- Created by: Gavin Strawhan; Rachel Lang;
- Starring: Stephen Whittaker; Patrick Toomey; Nicola Kawana; Denise O'Connell; Sydney Jackson; Paul McLaughlin; Rema Smith; Brett Montgomery; Nicole Whippy; Robbie Magasiva; Clint Eruera; Daniel Meade; Elisa Ashenden; Morgan Fairhead; Nicko Vella; Dominique Crawford; Rachel E. Wallis; Peter Hammill; Sara Wiseman; Emmeline Hawthorne;
- Composer: Graham Bollard
- Country of origin: New Zealand
- No. of seasons: 2
- No. of episodes: 72

Production
- Executive producers: John Barnett; Tony Holden; Gavin Strawhan; Rachel Lang;
- Producers: Tony Holden; Sandra Clark;
- Cinematography: Peter Janes
- Editors: Cameron Crawford; Eric de Beus;
- Production company: South Pacific Pictures

Original release
- Network: TV2
- Release: 22 June 1999 – 16 February 2001

= Jackson's Wharf =

Jackson's Wharf (1999–2000) is a New Zealand television series created by Gavin Strawhan and Rachel Lang. Set in a fictional coastal town, the series told the story of a sibling rivalry between brothers Frank, the town policeman the younger brother, and Ben Jackson, a big-town lawyer. After inheriting the local pub from his recently deceased father, Ben returns to the small town with his family, with his arrival bringing its fair share of drama and conflict to the small township. Frank is married to Mahina who is part of a Māori family 'who go back on the peninsula long before any Jacksons arrived'.

Jackson's Wharf was produced by Tony Holden, Laurence Wilson and Sandra Clark with directors Murray Keane, John Callen, John Laing, Geoffrey Cawthorn and Niki Caro.
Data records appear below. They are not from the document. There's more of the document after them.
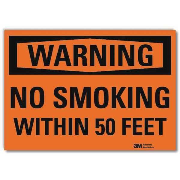 Warning No Smoking Sign, Horizontal Rectangle, Number of Printed Sides 1, English, Sign Format Traditional OSHA, Sign Legend No Smoking Within 50 Feet, Sign Legend Background Color Orange, Sign Legend Style Text
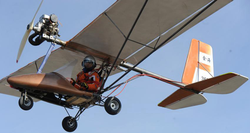 Yang Shijun pilote le coucou qu'il a créé de ses propres mains, jusqu'à une altitude de 200 mètres à Changchun, dans la province de Jilin (nord de la Chine), le 10 mai 2015. [Photo/ECNS]
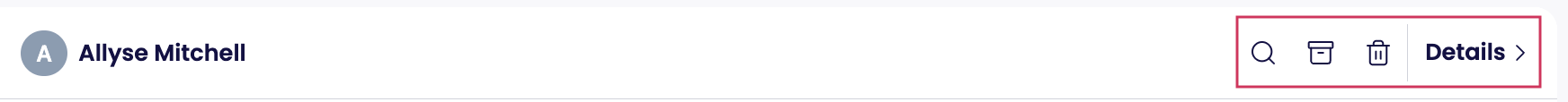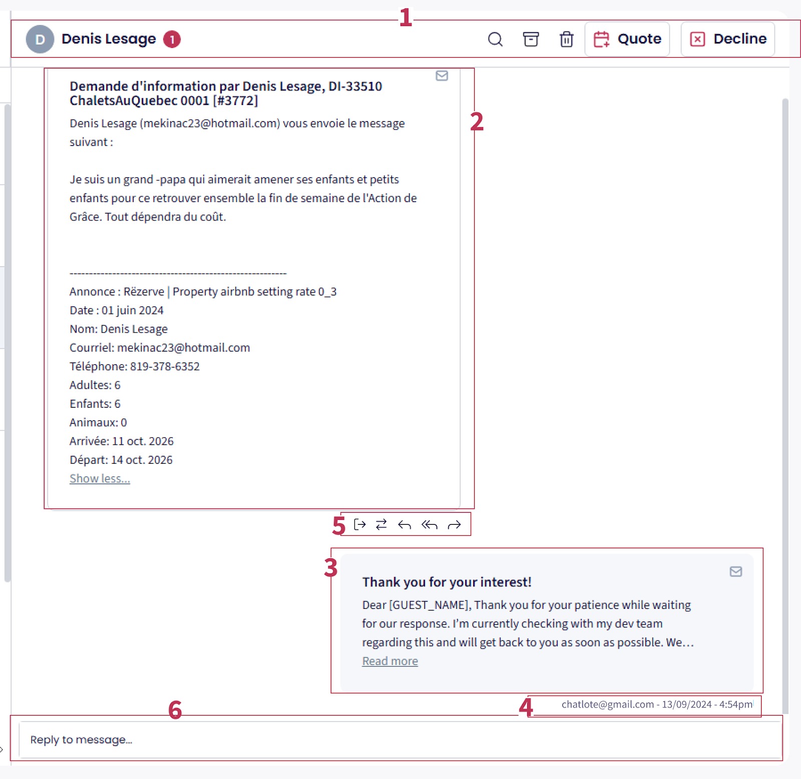 Barra de Herramientas: Haz clic en el nombre del huésped para ver/editar su información de contacto, usa el ícono de búsqueda para encontrar mensajes.Incluye íconos de Archivar y Eliminar. En la carpeta de Consultas, la barra de herramientas también incluye botones de acción como Cotizar o Rechazar.

The writing team included Rachel Lang, Gavin Strawhan, James Griffin, Niki Caro, David Geary, Steven Zanoski, Deborah Wilton, Nick Malmholt, Kate McDermott, Peter Allison, Miranda Wilson, Liddy Holloway, Maxine Fleming, Roy Ward, Paul Sonne, Jan Prettejohns and Ellen Driver. There were two seasons.

Cast member Nicola Kawana who played Mahina was described as a 'stand-out talent' in the show.